Mr. Appleton and Sol can bring them on.” He turned in his saddle
and swept the group with keen eye. “Who’s with us? You’ll want your
aide, of course. All right, Major Dunn. Then I’ll take my own aide.
Come along, Terry. Gentlemen, we’ll have fresh water waiting for
you, when you catch us.”
Weaving among the outcrops of red and gray rock, and the clumps
of silent sage, while the gravel crunched under hoof and the sun
beat hotly above, they four rode for an hour, leaving the cavalry and
wagon train farther and farther behind. Every draw was dry. General
Rawlins began to droop in his seat. He was not strong—had
consumption; but he was plucky, for he was a soldier.
“I think we’ll do better to spread out,” General Dodge finally directed.

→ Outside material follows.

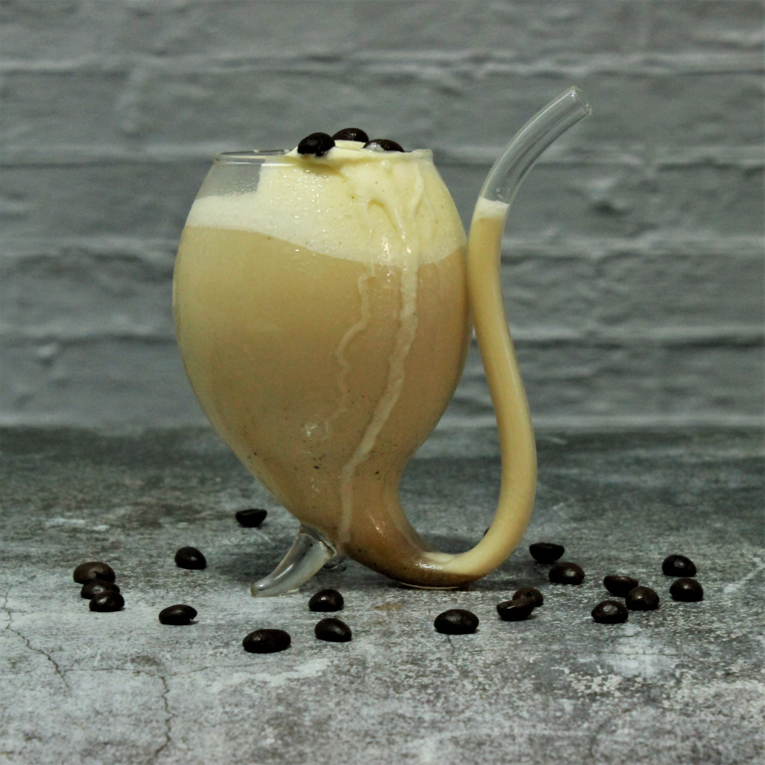 Preparación: Técnica Directo al Vaso. Colocar hielo en un vaso corto (Old Fashioned) agregar el Ron y Café seguido leche fría (pasteurizada) tratar de no mezclar al servir.

“Four abreast. But each of us must halt on the top of every ridge and
swell, until the others are in sight. We can’t exercise too much care,
in this kind of a country.”
They rode for still an hour, into the west. The Browne survey had
been through here—Terry himself saw the trails, here and there, and
the flags and stakes; but pretty soon he lost them. His course, on the
right of the searching line, took him where the only traces of life were
the jack-rabbits.
Then, dipping down into another of the gravelly draws, he noticed a
narrow trail swinging through the middle of it. His tired horse pricked
its ears, and quickened its pace. A coyote trail, this—yes, marked by
antelope hoofs, too; evidently going somewhere. An antelope trail
usually led to water, if followed far enough. If the water happened to
be near—then, hurrah! It would be great luck for a boy to find water
when General Dodge, the explorer, and General Rawlins, chief-of-
staff of the United States Army, both were looking for it. So Terry
hopefully pressed forward, in the narrow antelope trail.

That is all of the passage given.